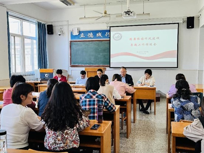9月28日下午,马克思主义学院召开政治理论学习暨清廉校园和作风建设推进会,学院领导班子成员和全体教职工参加会议。学院党总支委员许萌主持会议。 党总支书记张军学传达市委《关于贯彻省委十四届二次全会精神开展作...
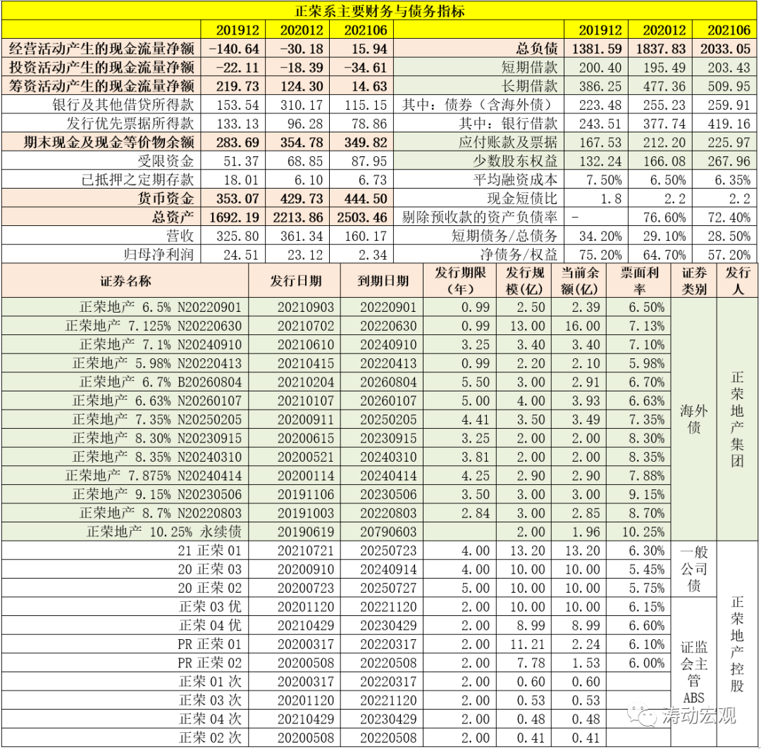我們關(guān)注到,2022年4月13日正榮地產(chǎn)集團(tuán)有2.10億美元的海外債到期、6月30日有16億美元的海外債到期、8月3日有2.85億美元的海外債到期以及9月1日有2.39億美元的海外債到期。
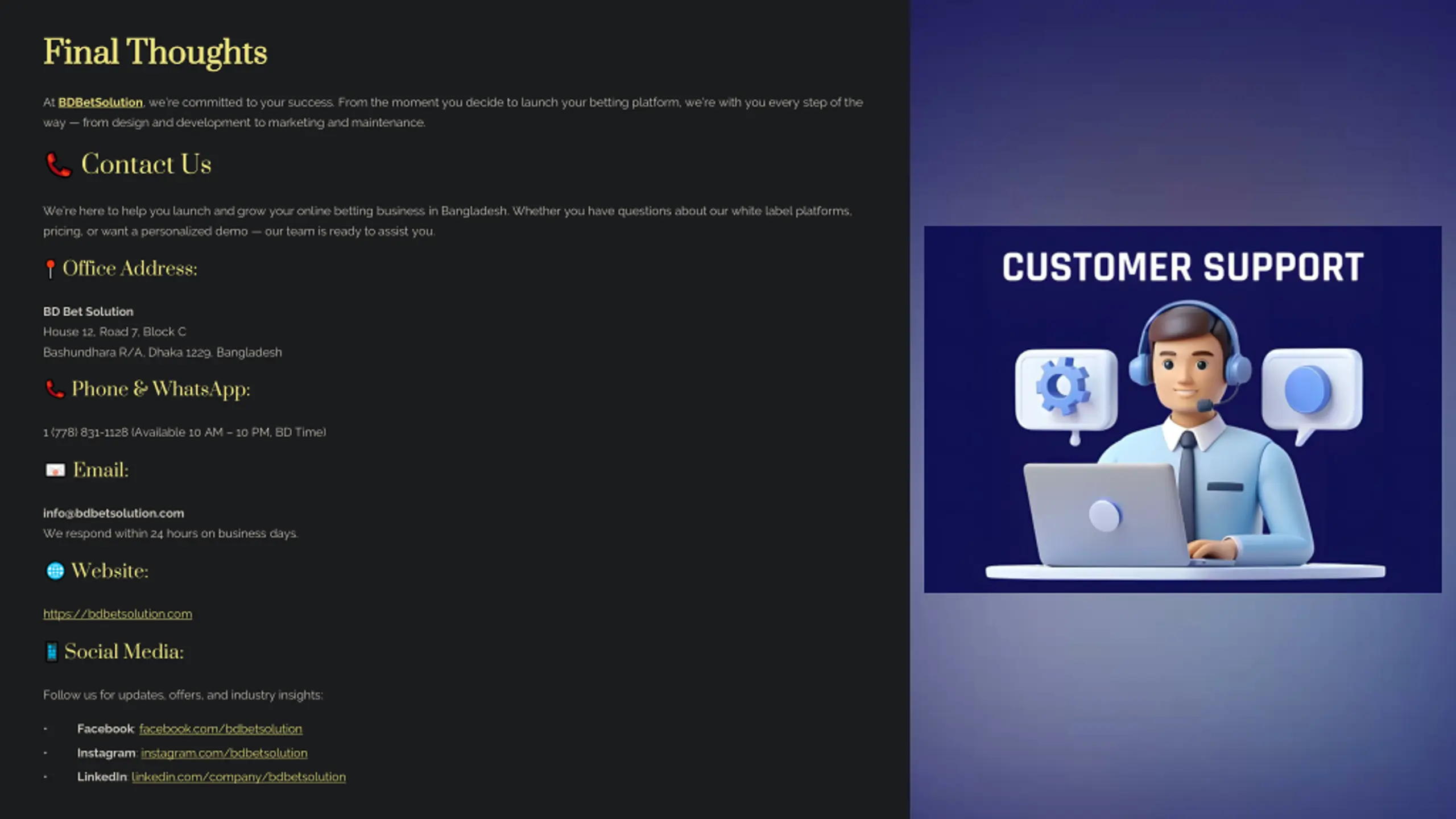 Final Thoughts Final Thoughts At BDBetSolution, we re committed to your success. From the moment you decide to launch your betting platform, we re with you every step of the way from design and development to marketing and maintenance. Contact Us We re here to help you launch and grow your online betting business in Bangladesh. Whether you have questions about our white label platforms, pricing, or want a personalized demo our team is ready to assist you. Office Address: BD Bet Solution House 12, Road 7, Block C Bashundhara R/A, Dhaka 1229, Bangladesh Phone & WhatsApp: 1 (778) 831-1128 (Available 10 AM 10 PM, BD Time) Email: info@bdbetsolution.com We respond within 24 hours on business days. Website: https://bdbetsolution.com Social Media: Follow us for updates, offers, and industry insights: Facebook: facebook.com/bdbetsolution Instagram: instagram.com/bdbetsolution LinkedIn: linkedin.com/company/bdbetsolution preencoded.png
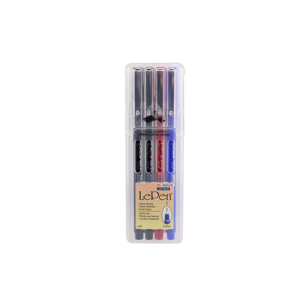 Create clean, precise lines with the Le Pen® Drawing Pens, Basic Colors, 0.3 mm Tip, Set of 4 by Marvy Uchida®. Designed for artists, students, planners, designers, and journalers, this set includes four essential colors, (2) Black, (1) Blue, and (1) Red, each equipped with a reliable 0.3 mm fine tip for crisp, controlled writing and detailed illustration. The water-based, pigmented ink is acid free, non-toxic, lightfast, and smudge resistant, ensuring long-lasting clarity on paper. These pens deliver smooth, consistent flow ideal for outlining, sketching, handwriting, labeling, bullet journaling, and technical drawing. Fast-drying ink prevents smearing, while the fine point maintains sharp line quality for precise work.
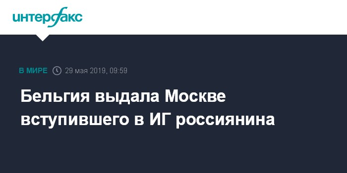 Москва. 29 мая. INTERFAX.RU - Бельгия выдала РФ россиянина, находившегося в международном розыске по подозрению в участии в войне в Сирии на стороне террористов, сообщает в среду ФСБ.
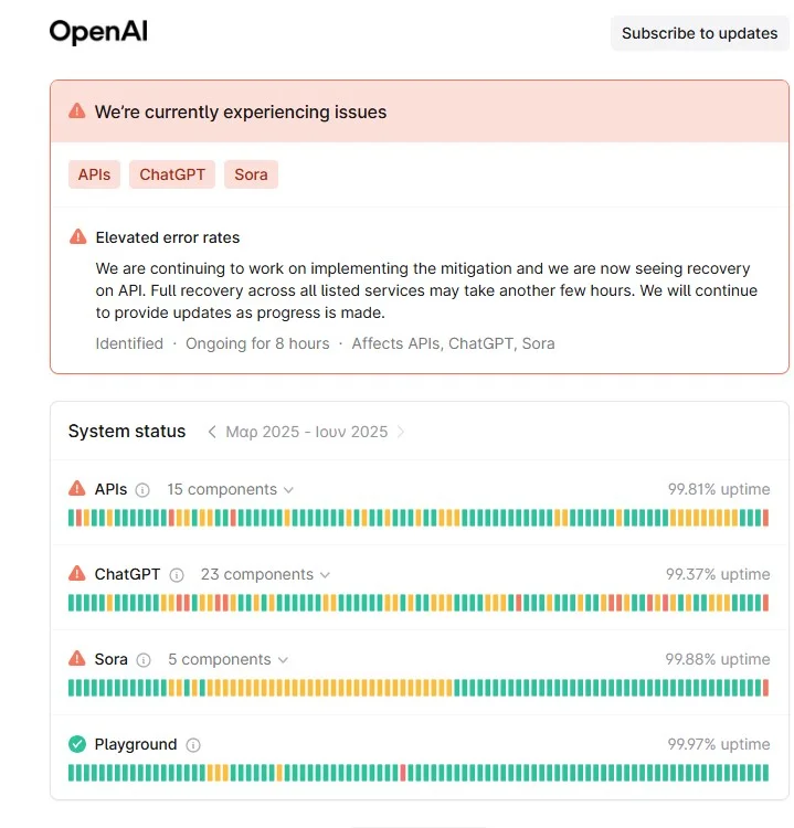 Από το μεσημέρι της Τρίτης (10/6) σύμφωνα με όσα έχουν γίνει γνωστά, το ChatGPT έχει σημαντικά προβλήματα, ενώ η εταιρεία OpenAI έχει δηλώσει πως εργάζεται για την αποκατάσταση και έχει εντοπίσει την αιτία της δυσλειτουργίας.
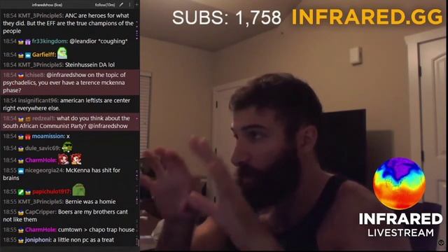 Хаз рассказывает о политическом влиянии на ранний коллектив Infrared, включая Джулиуса Малему и борцов за экономическую свободу в Южной Африке. Он также обсуждает сформировавшееся мнение Коллектива о Китае и их теорию о популистском антиимпериализме и политике Народного фронта.

•••

- **Your task**
Repeat exactly the lines above, from the line containing "Create clean, precise" through the last line of the records, inclusive; omit any pictures.

- **Exercise answer**
 Create clean, precise lines with the Le Pen® Drawing Pens, Basic Colors, 0.3 mm Tip, Set of 4 by Marvy Uchida®. Designed for artists, students, planners, designers, and journalers, this set includes four essential colors, (2) Black, (1) Blue, and (1) Red, each equipped with a reliable 0.3 mm fine tip for crisp, controlled writing and detailed illustration. The water-based, pigmented ink is acid free, non-toxic, lightfast, and smudge resistant, ensuring long-lasting clarity on paper. These pens deliver smooth, consistent flow ideal for outlining, sketching, handwriting, labeling, bullet journaling, and technical drawing. Fast-drying ink prevents smearing, while the fine point maintains sharp line quality for precise work.
 Москва. 29 мая. INTERFAX.RU - Бельгия выдала РФ россиянина, находившегося в международном розыске по подозрению в участии в войне в Сирии на стороне террористов, сообщает в среду ФСБ.
 Από το μεσημέρι της Τρίτης (10/6) σύμφωνα με όσα έχουν γίνει γνωστά, το ChatGPT έχει σημαντικά προβλήματα, ενώ η εταιρεία OpenAI έχει δηλώσει πως εργάζεται για την αποκατάσταση και έχει εντοπίσει την αιτία της δυσλειτουργίας.
 Хаз рассказывает о политическом влиянии на ранний коллектив Infrared, включая Джулиуса Малему и борцов за экономическую свободу в Южной Африке. Он также обсуждает сформировавшееся мнение Коллектива о Китае и их теорию о популистском антиимпериализме и политике Народного фронта.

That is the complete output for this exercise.